Black w/ Plants: Nutrition Q&A with Alexis Atkins

January 2019–January 2020, Black with Plants will publish q and a on mental health + community building with botanists, college dropouts, horticulturalists, plant care specialists, natural hair experts, social justice advocates, sound therapists, etc. across the thirteen hardiness zones in the United States and African diaspora.

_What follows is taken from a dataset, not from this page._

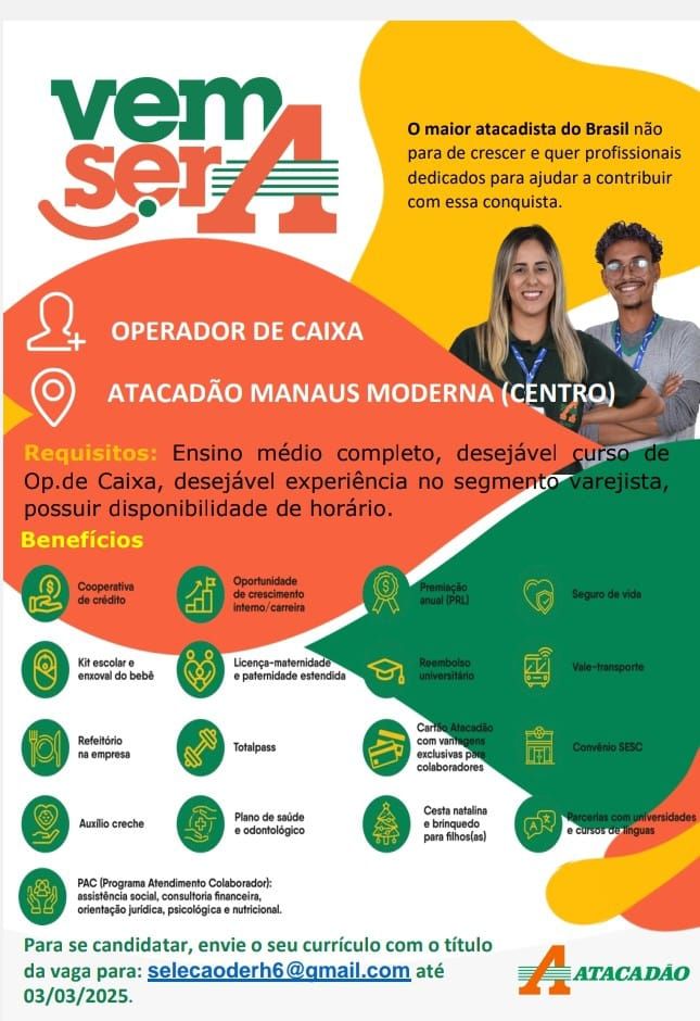 Confira as quatros oportunidades de emprego oferecido pelo Atacadão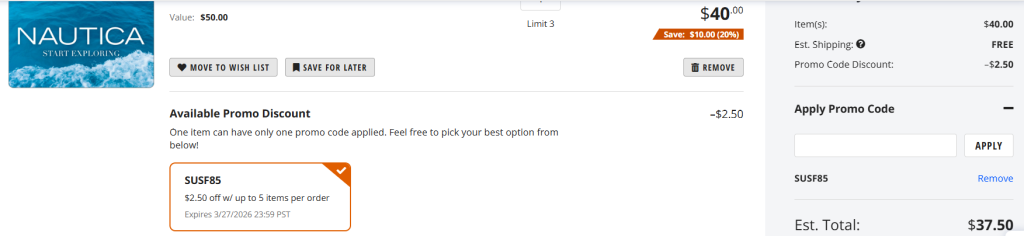 24% off at checkout on $50 Nautica $50 Gift Card (Email Delivery) for $37.50 with promo code SUSF85

What do you want readers to know about Nutrition? Washington, D.C., + its Public Health? Or a creative project that you are working on? and the role of community building, and its impact on mental health?
 
I want readers to know that obtaining proper nutrition education can be emotionally, mentally and physically healing. By consuming whole foods and fresh vegetables and fruits that are full of essential nutrients, you can nurture your body from the inside out. But this can’t happen unless we start educating our community about how to build those healthy habits. By fostering a strong community focused on improving health standards we can subsequently provide the strong support system needed to positively impact the stigmas surrounded around mental health.
 
What about the opportunity to display foliage, etc. online (specifically via IG) first interested you in committing your time and energy to plant care-taking?
 
At a surface level, plants are beautiful to look at. They come in diverse styles. They come in an array of colors and sizes. But I think plant care-taking goes way beyond aesthetics.
 
When it comes to nursing plants, there are so many aspects that you have to monitor so that the plant will thrive. If the soil is dry, you have to water it. If the plant seems to be wilting, you may adjust the sunlight.
 
Plant care-taking is all about being intuitive, paying attention to what each plant needs and mastering balance. I find the symbolism to be inspirational. I am in my mid-twenties trying to master these concepts now as a part of my own self-care journey. This is why I am committed to taking care of plants to form my own perfect oasis.
 
What do you think are the five key characteristics of a successful place?
 
A successful place has a clear vision, is cared for, has a loving community, promotes collaboration and is filled with natural light and plants.
 
Community engagement is a significant obligation of direct service. With that in mind, can you tell us about your experience in engaging with your contacts day-to-day? Do you notice services rendered positively affecting your contact’s psychological well-being?
 
Engaging with my community is an invaluable experience. In fact, I think that having the opportunity to connect with people is really the initial building block of community. It allows me to exchange stories, ideas, and goals. This interaction enables me to really pinpoint what my community needs. In turn, I am able to provide a service that directly suits my community’s needs. I have a passion for nutrition education including education on cost-efficient healthy eating and how to navigate the world of non-toxic living. I believe that by empowering the people around me with the tools to take control of their health, it will ultimately improve their psychological well-being.
 
Would you be willing to share a memorable moment from 2018?
 
Of course! I think one of the most memorable moments from 2018 was my acceptance into college to obtain my masters in nutrition. I think this moment stands out to me the most because I finally felt like I got the green light from the universe to pursue something that I am incredibly passionate about.
 
Your perspective is invaluable. Thank you for distilling your talents, sharing your time, and contributing to the local economy. Can you tell readers a little bit about your perspective on securing space for psychological healing and/or wellness?
 
Securing space for psychological healing and wellness is crucial to the betterment of society. But I I believe that these spaces can be accessible and cost-effective. It’s not always about having a fancy fitness center or an incredible organic smoothie bar in a space.
 
Sometimes it’s just about creating engaging communal spaces that encourage people to talk to one another. It’s also about giving people the necessary resources to get the tools they need to have a positive relationship with their psychological health and creating a sustainable wellness routine. This can be through educational wellness workshops, creating a network of specialists that are well-versed in mental health or even through open conversations. The more that we can create a platform and a space for psychological health initiating, the faster that we can eliminate the stigma behind what it looks person-to-person.
 
What does it mean to value a friend as you would value a partner (which is counter-hegemonic)? Is  friendship the missing linchpin required to engender the realization of socio-cultural value?
 
My generation has come to create its own definition of valuable relationships whether it be through friends or chosen families. The concept of valuing partners above platonic relationships stems from heteronormative mores where intimacy and affection are only reserved for your intimate partners.
 
Friendships, chosen families, non-monogamous, non-binary relationships are transforming our socio-cultural values. As a generation, we have decided that we will hold friendships close to our hearts as we would a partner. Our friends are our partners. We feel fulfilled by these relationships because they provide meaningful support, love, and positivity.
 
It’s not necessarily that friendships have been the “missing” linchpin it’s that they were undervalued and sometimes hidden. Friendships have and always will be the crux of our growth as human beings. To make the partnership dynamic truly counter-hegemonic we must hold our partners to the same values we hold our friendships. 

Final thoughts from Alexis Atkins. (@afrotouille):

Black Health Matters. Black Wellness Matters. Black Voices Matter. Black Lives Matter.